Laut Steinmeier gehört zum Deal auch eine Verständigung auf eine Finanztransaktionsteuer. Wenn die Einführung nicht in den 27 EU-Ländern möglich sei, dann müsse es eine "Koalition der Willigen" von mindestens neun Ländern geben. Die Bundesregierung ist bereit, die Besteuerung der Finanzmärkte möglichst bis Ende 2012 auf den Weg zu bringen.

Der Grünen-Vorsitzende Cem Özdemir sagte vor dem Kanzleramt: "Die Bundesregierung hat sich vom reinen Sparkurs verabschiedet."

Kanzlerin Angela Merkel (CDU) braucht zur Ratifizierung des Fiskalpakts in Bundestag und Bundesrat eine Zweidrittelmehrheit.

Einigung mit Ländern steht noch aus

Am Sonntag sollen die abschließenden Gespräche mit der Länderseite stattfinden. Das Kabinett will das Kompromisspaket am kommenden Mittwoch absegnen. Die Abstimmungen in Bundestag und Länderkammer sind für Freitag nächster Woche vorgesehen. Die Länder haben allerdings noch Bedenken. Sie fürchten, dass der Fiskalpakt sie früher und stärker als mit der nationalen Schuldenbremse zum rigorosen Sparen zwingt.

Die Linke will nicht zustimmen und nach einem Beschluss zum Fiskalpakt vor das Bundesverfassungsgericht ziehen.

Unions-Fraktionschef Volker Kauder (CDU) sagte, er sehe den Weg für den Fiskalpakt im Bundestag nun frei. Er sprach von "schwierigen Verhandlungen" und sagte, es werde keinen Schuldentilgungsfonds geben. Das hatten die Grünen im Vorfeld der Verhandlungen gefordert.

"SPD und Grüne konnten sich mit Tilgungsfonds nicht durchsetzen"

FDP-Generalsekretär Patrick Döring sagte SPIEGEL ONLINE zu diesen Forderungen: "SPD und Grüne konnten mit ihrem Papier zum Schuldentilgungsfonds nicht überzeugen." Bei der Finanztransaktionsteuer bleibe der Schutz der Kleinsparer und der Realwirtschaft "eine harte Bedingung."

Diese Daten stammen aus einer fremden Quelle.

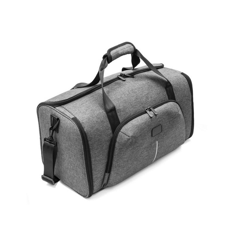Вместительная и удобная универсальная сумка из плотного водостойкого материала, подходящая как для занятий спортом, так и для путешествий, создана для умного хранения вещей благодаря своей складной конструкции. Встроенный чехол для одежды можно использовать как портплед. Ремень для крепления к чемодану удобен в поездках. Отстегивающаяся регулируемая лямка на плечо, дополнительный наружный карман на молнии и 2 внутренних кармана по бокам добавляют дополнительное удобство при использовании. Светоотражающий элемент на кармане впереди служит для большей защиты в темное время суток. В комплекте съемный металлический шильд под нанесение вашего логотипа.
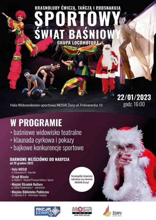 Miejski Ośrodek Sportu i Rekreacji w Żorach zaprasza na Sportowy Świat Baśniowy w ramach Akcji Zima 2023. 22 stycznia 2023 roku na Hali Widowiskowo-Sportowej widowisko teatralne zaprezentuję Grupa Locomotora.
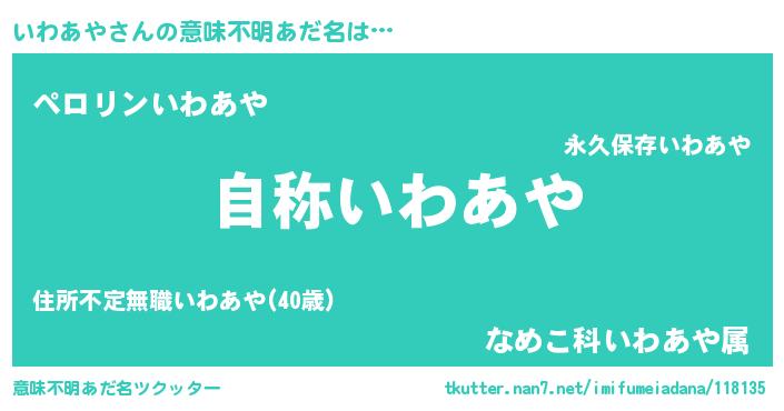 | 女子向けラノベタイトル風あだ名 | 『闇のいわあや』 |

Dies hatte die FDP vor zwei Wochen in das Papier hineinschreiben lassen. Laut Döring sei zwischen Koalition und Opposition nun Konsens, dass man bei der Einführung der Finanztransaktionsteuer "Verlagerungstendenzen" in andere Staaten, die diese Steuer nicht einführen, möglichst vermeiden wolle. Zudem einigten sich beide Seiten, das Vorhaben im Bundeskabinett beschließen zu lassen. Dies hatte vor allem die SPD angeregt.

Im Kampf gegen die Schuldenkrise haben 25 von 27 EU-Staaten im März den Pakt mit strengeren Haushaltsregeln unterzeichnet. Der Fiskalpakt verpflichtet die Unterzeichner unter anderem, ausgeglichene Haushalte anzustreben. Außerdem sollen die Staaten nationale Schuldenbremsen einführen und in ihrem Recht verankern - was der Europäische Gerichtshof kontrolliert.

Der Pakt tritt spätestens Anfang 2013 in Kraft, wenn ihn bis dahin zwölf Euro-Länder ratifiziert haben. Er wird mit dem Europäischen Stabilitätsmechanismus (ESM) verknüpft. ESM-Hilfen erhalten nur jene Euro-Länder, die auch den neuen Pakt unterzeichnet haben.